Sources and uses
Hi all,
One element in banking/modelling I have constantly seen people dont understand is sources and uses, including myself. I have obviously modelled with it many times, but my understanding is purely mechanical. Therefore I want to see if anyone in here will be able to help me once and for all :)
Lets use a very simple example: say a target has an EV of 100$ with 20$ in cash and 60$ debt on BS. It is financed with 70$ sponsor equity and 50$ debt (assuming minimum cash balance of what they currently has on BS). This gives a S&U of:
Sources:
Equity: 70$
Debt 50$
Uses:
Net debt: 40$
Minimum cash: 20$
Equity: 60$
Some questions on this as I believe it is the cash element that is confusing:
- What happens here/what will be the difference if they decides to pay down the debt rather than refinance/roll over the debt?
- Why do we use net debt in the uses rather than the gross debt?
- What mechanically is happening with the debt and cash at settlement?
- If we assume no minimum cash balance, what happens with target's cash and debt at settlement then, and would only the net debt be included in the uses still?
- I have seen multiple times that some uses the target's cash in the sources - what does that mean and how is that possible?
Hopefully someone here can answer this, many thanks!
Best,
K
Hi Associate 1 in IB - Gen, any of these threads helpful:
More suggestions...
Fingers crossed that one of those helps you.
How I'm reading your assumptions, this is how I would structure the S&U:
Sources: $70mm sponsor equity funding, $50mm newly issued debt
Uses: $60mm equity purchase price ($100mm EV + $20mm cash - $60mm debt), refinance $60mm of existing debt
It's cleaner to take cash out of this (not a net debt number). To answer your questions:
1. There would be a difference if you pay down debt rather than refinancing it. If you have $20mm of cash, you can only reduce your debt by that amount, bringing your debt to $40mm and your equity value to $60mm. The cash belongs to the equity holders, so they wouldn't want to pay the debt down pre-transaction
2. Not sure I'm following- rephrase? I don't use net debt
3. Not sure I'm following- rephrase?
4. Cash belongs to the equity holders. If the acquirer doesn't want to pay equity or issue debt to acquire cash (you're acquiring all of the equity, which equity owners own the cash, so indirectly acquiring equity), then you would use target co's cash as part of sources
Following
You already showed S&U with the debt refinanced. If you roll it you put it on both sides of S&U.

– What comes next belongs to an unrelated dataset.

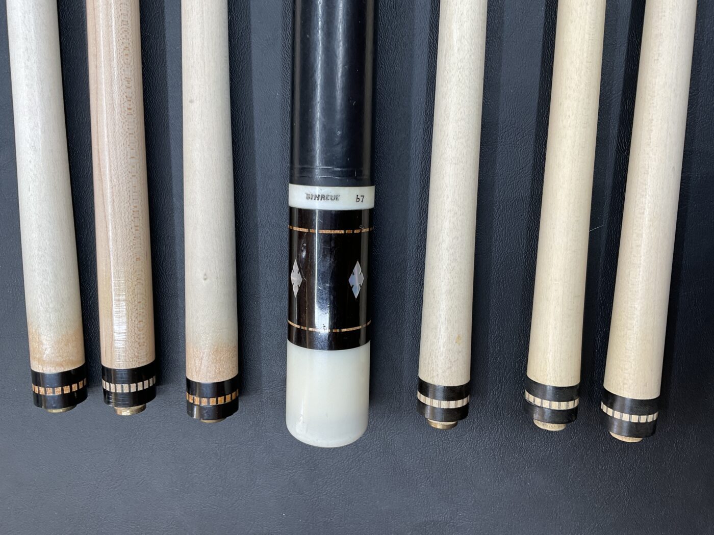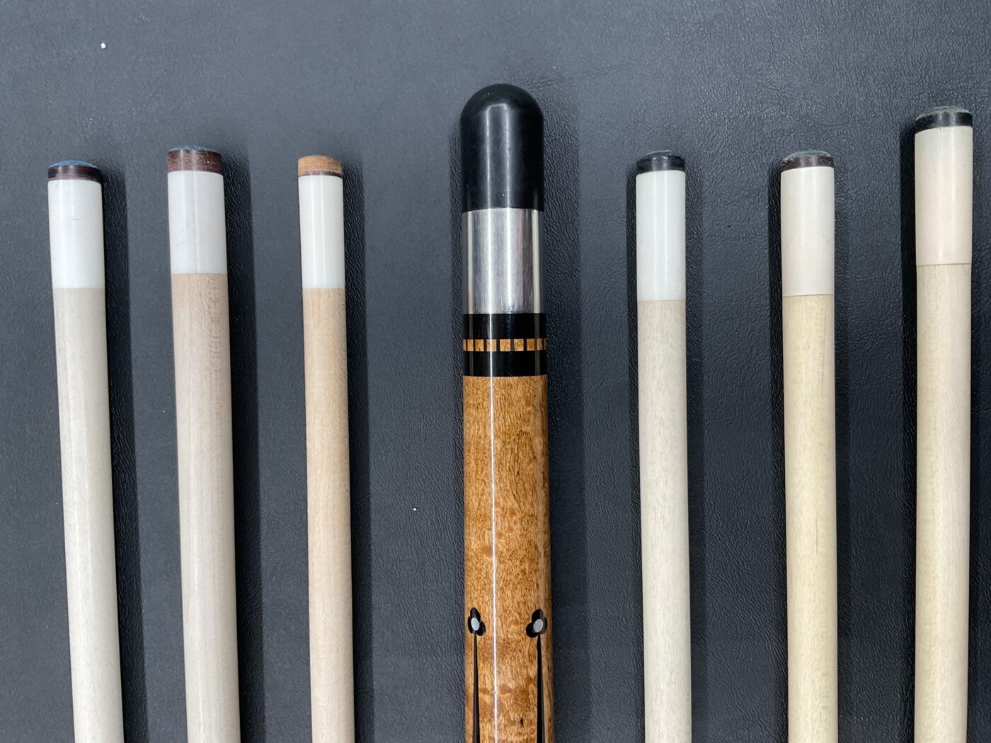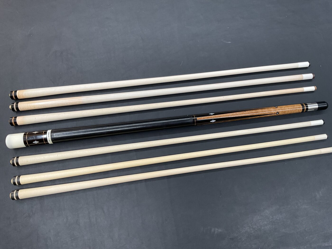 A true antique collectible by the award winning cue-making legend, Ernie Gutierrez. This cue was made in 1967 and features 6 shafts in various condition. This cue would make a great addition to any collection, as well as make for a great playing cue.

1. If the debt is rolled over, the existing debt of 60 would show up in both sources and uses. If debt is being refinanced, the existing debt of 60 is paid down (shown in uses) and immediately replaced with new debt of 70 (shown in sources).
2. Most people use gross debt, actually. Instead of having 20 of cash go towards reducing existing debt, it should go towards the min cash requirement.
3. If there is no min cash requirement, the 20 of existing cash will become a source and will reduce the sponsor equity. The S&U would look like this:
Uses
Refi Debt: 60
Purchase Equity: 60
Total: 120
Sources
Cash: 20
Debt: 70
Sponsor Equity: 30
Total: 120
4. In this case, the 60 you spent to purchase the equity includes 20 in target cash. So you can use this 20 to help fund the transaction. It's akin to spending $120 to buy a wallet that is worth $100 with a $20 bill inside.
Fundamentally looking at it the wrong way. The purchase price governs the sources and uses, not some arbitrary definition of theoretical enterprise value.
Throw MS all you want. You guys are glorified typists.